I really had no idea that he was an introvert at heart. It is something I think he denied to himself for a long hime. About 4 years ago he started labelling himself as an introvert after reading "The Introvert's Dilemma" (which I think is a very good book). Based on the criteria in the book, he was a classic introvert. However, per this book, I am not an extreme extrovert on the continuum of extravert-to-introvert. I come out somewhere in the middle.

I felt that he wouldn't leave me because we took sacred vows to marry each other and spend our lives together. We have a lot in common and we also have our own strengths and weaknesses. I felt that we taught each other a lot over the years - that it was reciprocal and equal and teamwork. Even in our co-dependency and dysfunction, we were equal. We both rescued each other. I can admit the flaws in our relationship and the ways that I was too dependent on him and him too dependent on me. But, I think that "the grass is greener" is a myth and that when two adults are motivated to do so, they can develop new, healthier patterns of interacting with each other.



Conrad said:


> BTW - I'm not surprised about his childhood.
> 
> He's likely harboring a significant amount of anger.


I feel that the greatest barrier in all of our years of MC was that he refuses to express his own anger and disappointment and instead hides behind a cloud of shame and guilt. I *wish* he would let his anger out, but since he won't go there I can't really force the issue. To me it seems obvious that he is terrified of his own emotions, so he'd rather be alone where no one is asking him to access him emotions, rather than working on a relationship where he would need to address his emotional issues head-on.

The lie of D is that he can start a new relationship in the future without all of the "emotional baggage" that our relationship has. But for true intimacy, he will need to face his emotions sooner or later or is destined to repeat the same pattern again and again. 

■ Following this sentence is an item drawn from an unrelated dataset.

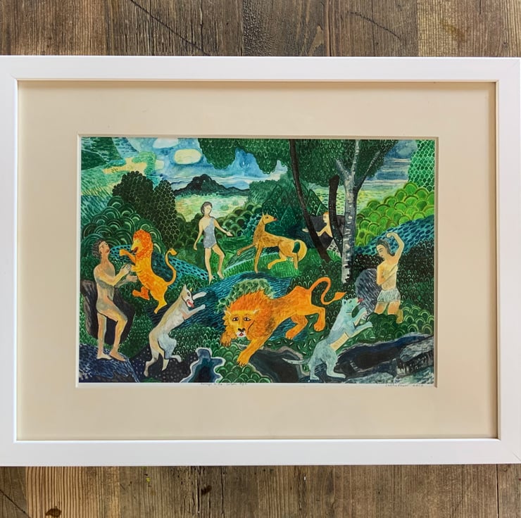 I love this print! It's inspired by a painting I saw in Paris by Andre Derain called L'Age d'Or ( The Golden Age) which blew me away so much that I made my own homage to it when I got home.

But "what I think" is clearly irrelevant, since he is not asking for my input in his life anymore.


----------



## dontpanic (Feb 23, 2012)

I have one more week until I leave on vacation. My mood was OK over Thanksgiving and then tanked yesterday. I went from barely sleeping 5 hrs to sleeping 16 hrs straight. However, at least I am not taking sleeping pills anymore.

My goal this week is to pack and get ready for my trip and to take care of a few items on my "to do" list. I am trying to keep the stress level low and just do what needs to get done.

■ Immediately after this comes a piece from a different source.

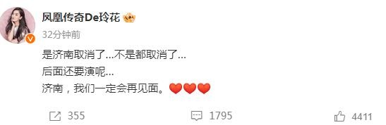 关于演唱会的取消一事,玲花本人在社媒回应表示:“是济南取消了…不是都取消了…后面还要演呢…济南,我们一定会再见面。”

My STBXH wants to meet with the mediator this week to get that ball rolling. It seems a lot easier for him to discuss pragmatics and logistics than it does to discuss emotions.

He better have all of his stuff out of the house by the time I return from my vacation. I really will freak out if he doesn't take care of it since he's been promising to do it for the past few weeks.

But I am going to put it out of my head and enjoy my trip because I cannot control what he does or doesn't do. I can only control my own behavior. I am looking forward to spending time with myself and with friends in a warmer climate and beautiful surroundings.


----------



## dontpanic (Feb 23, 2012)

Been gone from TAM for 3 weeks and have come up with two insights:

1) I have to initiate the divorce, even though I'm chicken (but, wow, it feels so wrong)

2) Some of my friends who were good to have as girlfriends when we were all married, totally don't get it and can't really empathize at all now that I'm headed towards divorce. Best comment this week was "why didn't you try harder to change into the kind of person that he wanted to be with?"

Being on vacay overseas with limited access to a computer, I really missed TAM. At least here people understand how difficult D is on all parties.


----------



## Stella Moon (Nov 22, 2012)

dontpanic said:


> Been gone from TAM for 3 weeks and have come up with two insights:
> 
> 1) I have to initiate the divorce, even though I'm chicken (but, wow, it feels so wrong)
> 
> ...



I hope that was followed by a big slap to the face...because it sure sht would have from me.


----------



## dontpanic (Feb 23, 2012)

Thanks, Stella_Moon. I really needed that to cheer me up.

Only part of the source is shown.